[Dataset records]
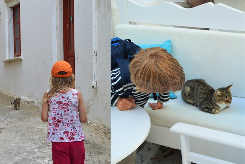 Das war zwar mehr ein Kinder-Highlight, aber ich finde Katzen auch toll. So sind Kiddy 1, Kiddo 2 und ich voll auf unsere Kosten gekommen, was das Anschmachten von kleinen knuddigen Kätzchen angeht. Sie sitzen teilweise so hingegossen genau am richtigen Fleck fürs Foto, dass man sich echt fragt, ob das inszeniert ist. Auf den Kykladen müssen tausende von Katzen leben, sie sind überall und teilweise in ganzen Gruppen unterwegs. Wir hatten viel Spaß mit den Tierchen, vom Katzenzählen bis zu Momenten, in denen wir fünf kleine Kätzchen ewig dabei beobachtet haben, wie sie uns beobachten.
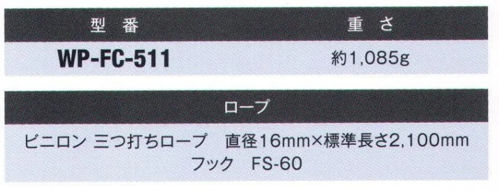 ■形状特長ローブ:ビニロン 三つ打ちローブ 直径16mm×標準長さ2,100mm フック:FS-60
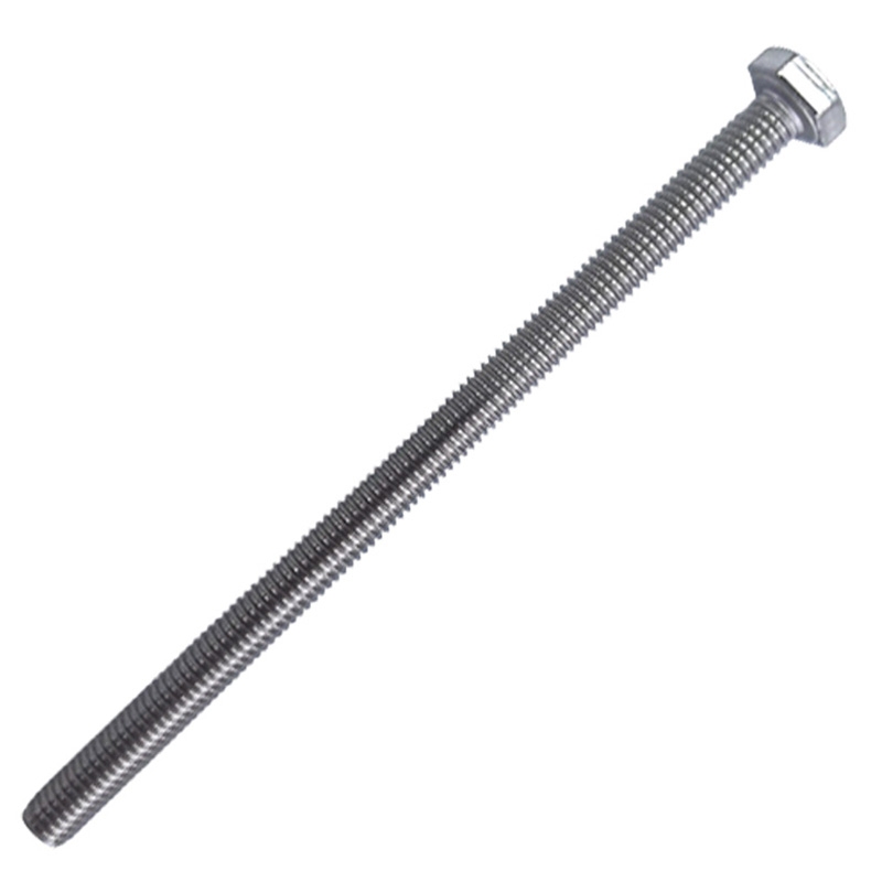 Материалом для болта служит нержавеющая сталь класса A2. У изделия есть цилиндрический стержень c полной резьбой и шестигранная головка. Шляпка передает крутящий момент от ключа к крепежу при завинчивании. Для создания прочных резьбовых соединений крепеж используется в комбинации с шайбой и гайкой или завинчивается в отверстия с нарезанной резьбой. Чтобы исключить электрохимическую коррозию, шайбы с гайкой делаются из коррозионно-устойчивой стали либо нейтральных полимерных материалов.
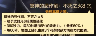 这个时地图机制,在挑战每60秒时,地图上会随机出现3个图腾,玩家需要在一定时间内将图腾打碎,倒计时结束后根据打碎图腾数量,使boss进入减防状态,在实际的挑战中,这个图腾的血量还是很多的,仅凭几个小技能很难将其打碎,同时还要注意boss的攻击,如果玩家此时将boss控在一起正在连招,就没必要去打图腾了,继续连招即可,如果不是,再考虑打图腾
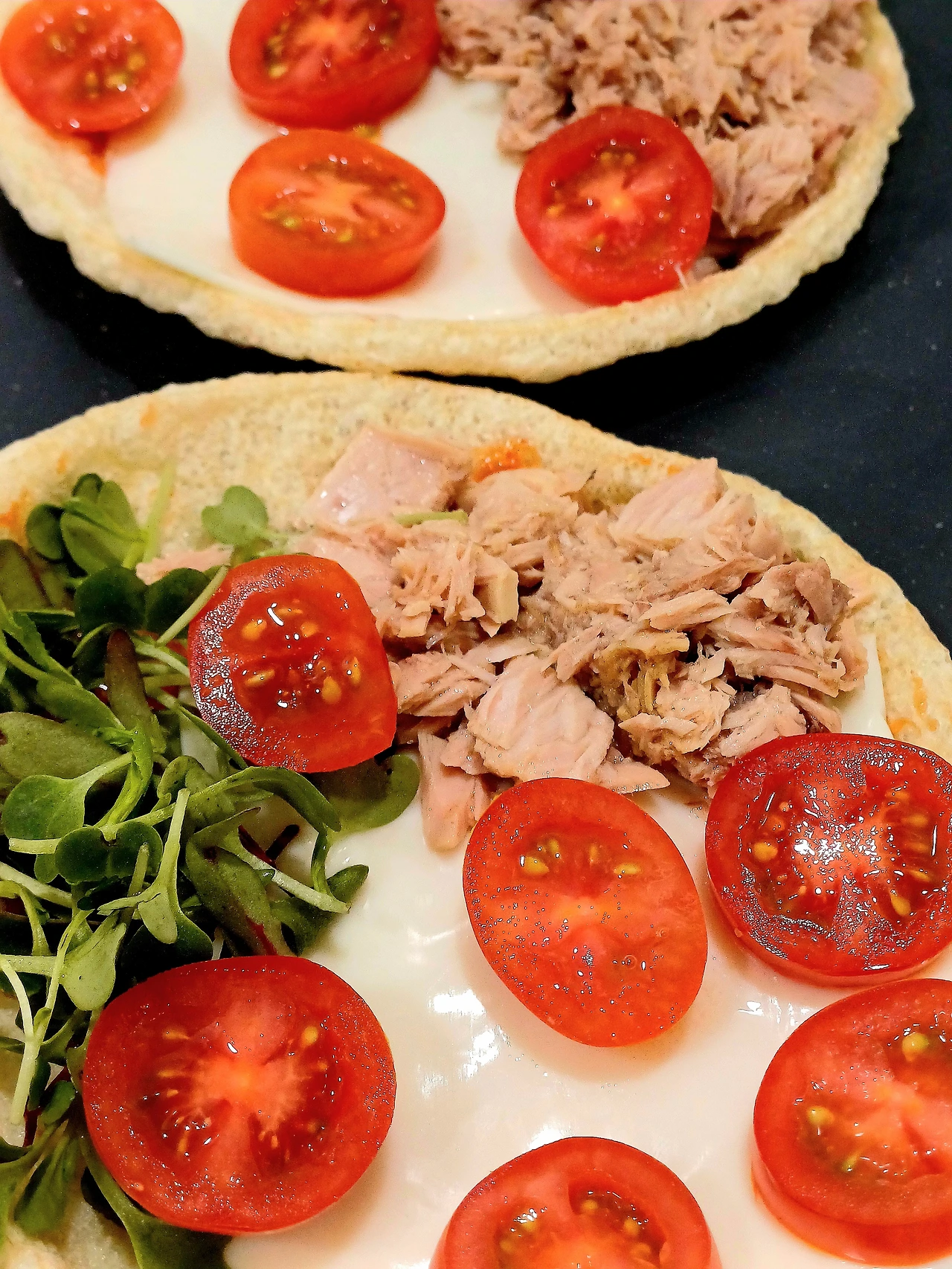 바삭바삭한 뻥튀기 위 건강한 토핑들을 가-득

● Prompt:
Copy the records exactly, leaving out every picture.

● Result:
 Das war zwar mehr ein Kinder-Highlight, aber ich finde Katzen auch toll. So sind Kiddy 1, Kiddo 2 und ich voll auf unsere Kosten gekommen, was das Anschmachten von kleinen knuddigen Kätzchen angeht. Sie sitzen teilweise so hingegossen genau am richtigen Fleck fürs Foto, dass man sich echt fragt, ob das inszeniert ist. Auf den Kykladen müssen tausende von Katzen leben, sie sind überall und teilweise in ganzen Gruppen unterwegs. Wir hatten viel Spaß mit den Tierchen, vom Katzenzählen bis zu Momenten, in denen wir fünf kleine Kätzchen ewig dabei beobachtet haben, wie sie uns beobachten.
 ■形状特長ローブ:ビニロン 三つ打ちローブ 直径16mm×標準長さ2,100mm フック:FS-60
 Материалом для болта служит нержавеющая сталь класса A2. У изделия есть цилиндрический стержень c полной резьбой и шестигранная головка. Шляпка передает крутящий момент от ключа к крепежу при завинчивании. Для создания прочных резьбовых соединений крепеж используется в комбинации с шайбой и гайкой или завинчивается в отверстия с нарезанной резьбой. Чтобы исключить электрохимическую коррозию, шайбы с гайкой делаются из коррозионно-устойчивой стали либо нейтральных полимерных материалов.
 这个时地图机制,在挑战每60秒时,地图上会随机出现3个图腾,玩家需要在一定时间内将图腾打碎,倒计时结束后根据打碎图腾数量,使boss进入减防状态,在实际的挑战中,这个图腾的血量还是很多的,仅凭几个小技能很难将其打碎,同时还要注意boss的攻击,如果玩家此时将boss控在一起正在连招,就没必要去打图腾了,继续连招即可,如果不是,再考虑打图腾
 바삭바삭한 뻥튀기 위 건강한 토핑들을 가-득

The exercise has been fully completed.